Иду я по бану, гитара бренчит,
За мною вдогонку шалава бежит…
Или более лирические, но с политическим уклоном.
Снег валил буланому под ноги,
В жопку дул Хрущеву ветерок…
Встречались и вовсе экзотические произведения, видать, привезенные Черепом из заморских стран. Эксцентричность сыновних мотивов и текстов захватывала и Семена Кузьмича, он подпевал со всей душой. Его веселый синий квадратный рот открывался, чтобы выдать подпев. Плешь радостно и потновато отблескивала. Свет керосинки лохматил по стенам сарая, где всюду хлам, самозабвенный дуэт.
Я иду по Уругваю
(Семен Кузьмич: – ваю, – ваю),
Ночь хоть выколи глаза.
Слышны крики попугая
(Семен Кузьмич: – гая, – гая),
Обезьяньи голоса.
– Лихо там у них, в уругваях! Дятлы деревянные! – веселился Семен Кузьмич, песенно побывав с сыном аж в самой Южной Америке. – Наливай-ка стопарь!
– Да как не накатить в такую свиданку, елочки пушистые! – ликовал Череп. – Можем в кабак на бан ломануться. Там круглые сутки отоварка. Шмары тоже прилагаются. А то, батя, как-то мутно сидим. – Он окинул взглядом поленницу дров, лопаты, лом и окучник в углу и прибавил огоньку в керосинке. Но керосинка задымила синё и подло. – Валентина, ишь, нас в сарай затёрла…
– Перекантуемся, – буркнул Семен Кузьмич. – Сосед у нее пёс…
Узнав от отца в подробностях о крикучей стычке с Панкратом Востриковым, «большевиком ссученным», Череп выскочил из сарая и прокричал на весь двор:
– Панкрат, выходи на бой! Я тебе, красноперышу, чичи потараню! Шнобель твой большевицкий отрихтую!

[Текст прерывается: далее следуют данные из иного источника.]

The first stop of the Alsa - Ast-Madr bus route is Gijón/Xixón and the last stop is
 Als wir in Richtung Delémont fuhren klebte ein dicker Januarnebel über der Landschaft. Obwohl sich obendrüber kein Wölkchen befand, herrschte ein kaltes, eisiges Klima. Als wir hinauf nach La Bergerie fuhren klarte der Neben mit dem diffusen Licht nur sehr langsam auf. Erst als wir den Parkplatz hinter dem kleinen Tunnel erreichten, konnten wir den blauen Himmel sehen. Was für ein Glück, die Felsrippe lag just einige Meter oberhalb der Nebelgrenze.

Череп целил в самые болькие панкратовы места: и перья красные… и шнобель. Нос у Панкрата крупный, мясистый, Панкрат своего носа стеснялся, перед зеркалом себя разглядывать не любил. И хоть слыхал от местных старушенций пословицу: «Нос-от долог, дак и человек-от дорог», но утешался мало. Даже отрастил немаленькие усы, чтоб скрасить ими величину носа, результат вышел сомнительный, но усы Панкрат щипал, крутил, когда нервничал. Сейчас Череп над ним – и над личностью, и над носом – безжалостно, в открытую издевался.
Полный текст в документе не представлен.